[Stored entries]
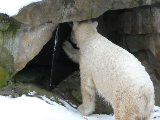 Nach einer ausgiebigen Mittags- und Aufwärmpause gingen wir dann wieder zu Knut zurück. Von anderen Besuchern erfuhren wir, dass Knut in der Zwischenzeit schön mit den Besuchern Ball gespielt hat. So ein Schlingel! Wartet ab, bis wir weg sind und spielt mit den anderen Besuchern Ball.
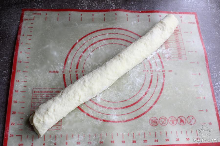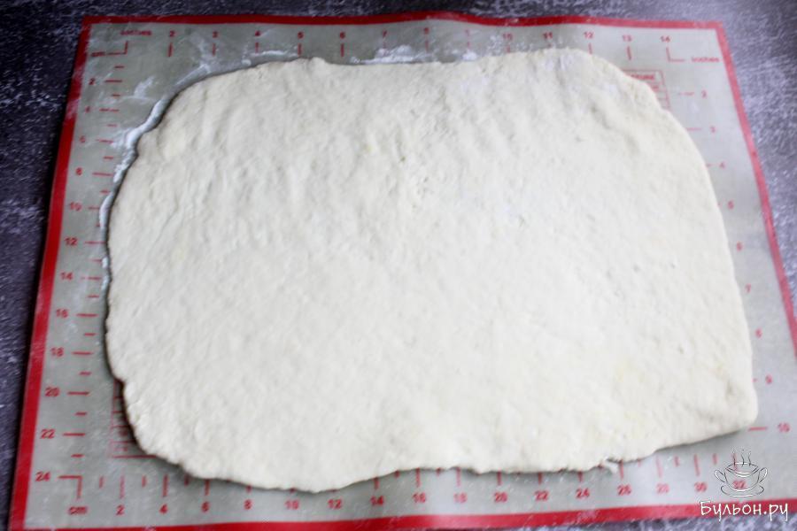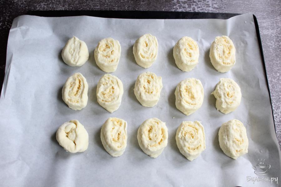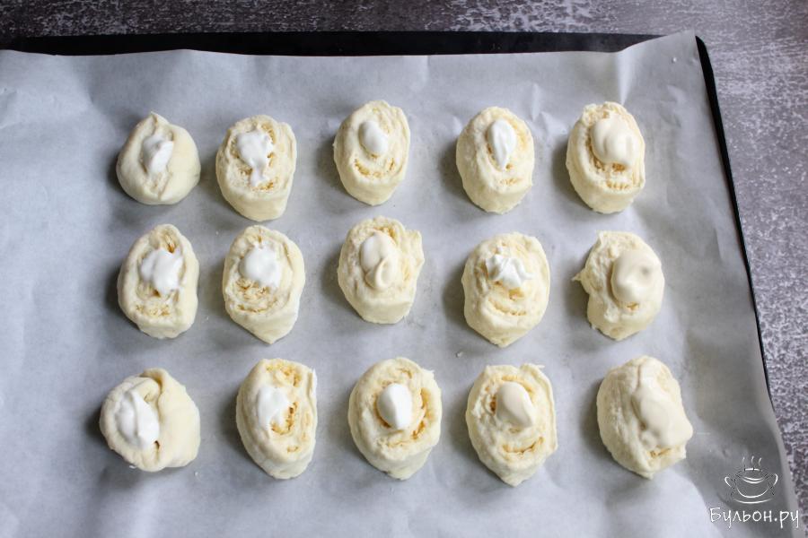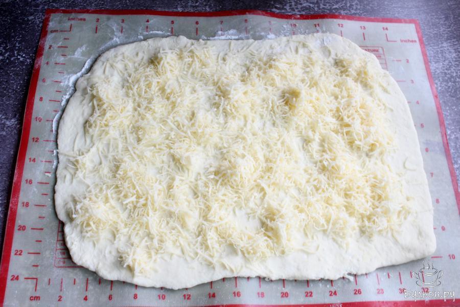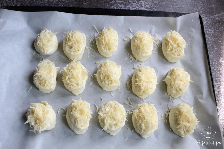 5. Равномерно разложить по тесту большую часть тертого сыра. Немного сыра оставить для верха булочек.
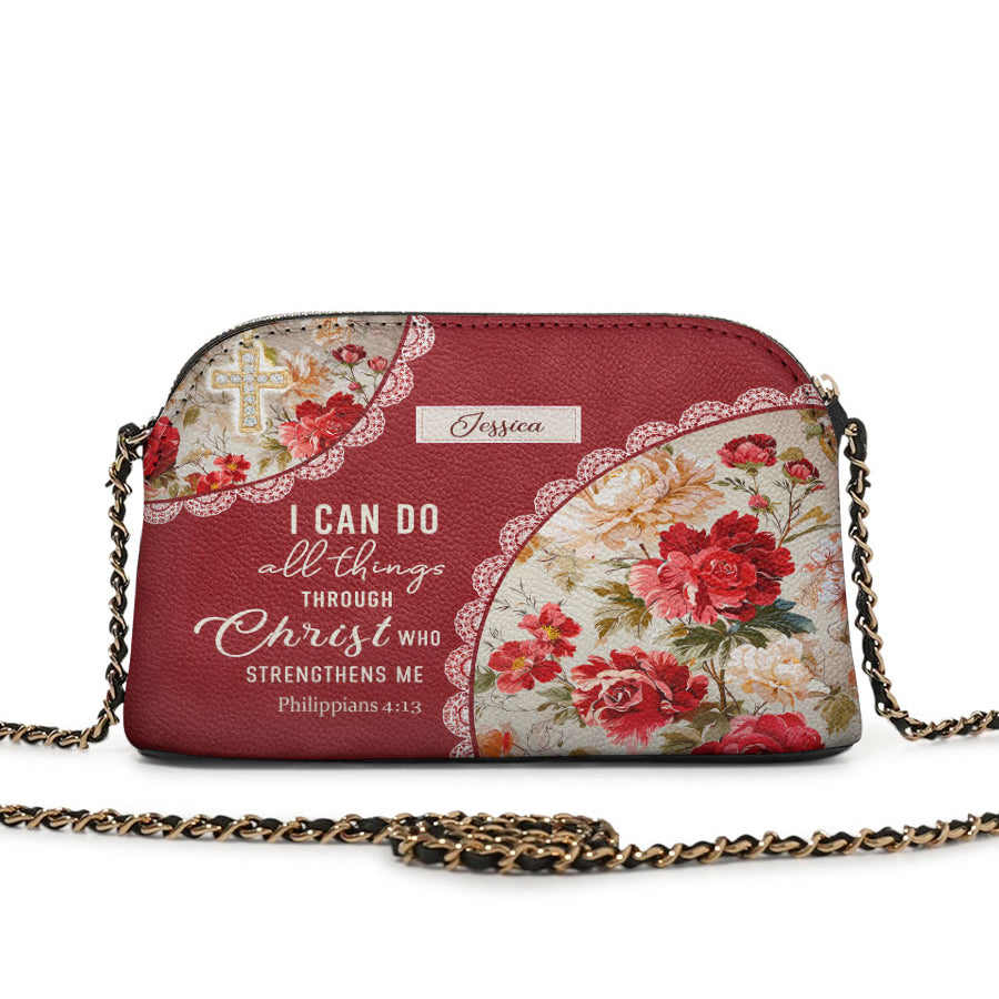 Catholight Blooming With Faith Personalized Leather Crossbody Bag
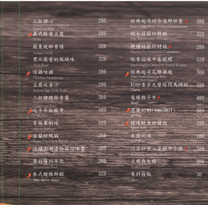 當家常料理 - 三杯雞遇上義式風味青醬,會迸出什麼樣的味蕾驚喜呢?點來試試就知道!爆炒得噴香誘人的三杯雞,肉嫩入味,與主廚特製濃郁青醬相搭,羅勒、蒜頭及洋蔥的香氣,於齒舌間繚繞不已,搭配套餐附上的白飯一同享用,完美無比。
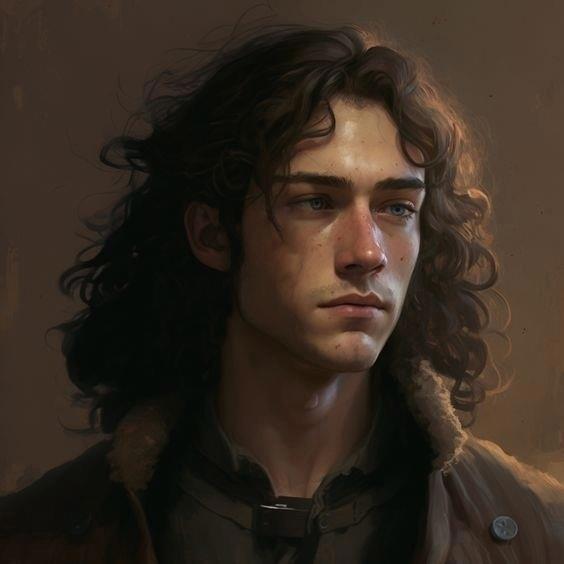 Отличительные черты: брюнет, длинные кудрявые волосы; синие выразительные глаза, уставший тяжелый взгляд; черная кожаная куртка.
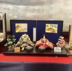 お内裏様・お雛様ともにお顔立ちが美しく、全体的に落ち着いた上質感のある平飾りタイプとなっております。
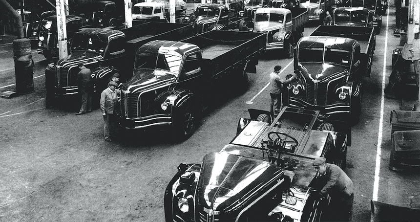 Avec, en ouverture, le hall de finition de Vénissieux en 1955 qui laisse apparaître une belle brochette de GLR, alors modèle phare de Berliet. Un camion particulièrement réussi qui connaître une carrière longue et exemplaire, en France comme à la grande exportation. Le châssis au premier plan est dépourvu de cabine car il est destiné à être habillé par un carrossier extérieur en fourgon intégral, comme cela se pratiquait encore couramment à l’époque.

◆ What is being asked ◆
Beginning with the first entry above, reproduce every line verbatim until the line with "5. Равномерно разложить", which is included too; omit pictures.

◆ Response to this task ◆
 Nach einer ausgiebigen Mittags- und Aufwärmpause gingen wir dann wieder zu Knut zurück. Von anderen Besuchern erfuhren wir, dass Knut in der Zwischenzeit schön mit den Besuchern Ball gespielt hat. So ein Schlingel! Wartet ab, bis wir weg sind und spielt mit den anderen Besuchern Ball.
 5. Равномерно разложить по тесту большую часть тертого сыра. Немного сыра оставить для верха булочек.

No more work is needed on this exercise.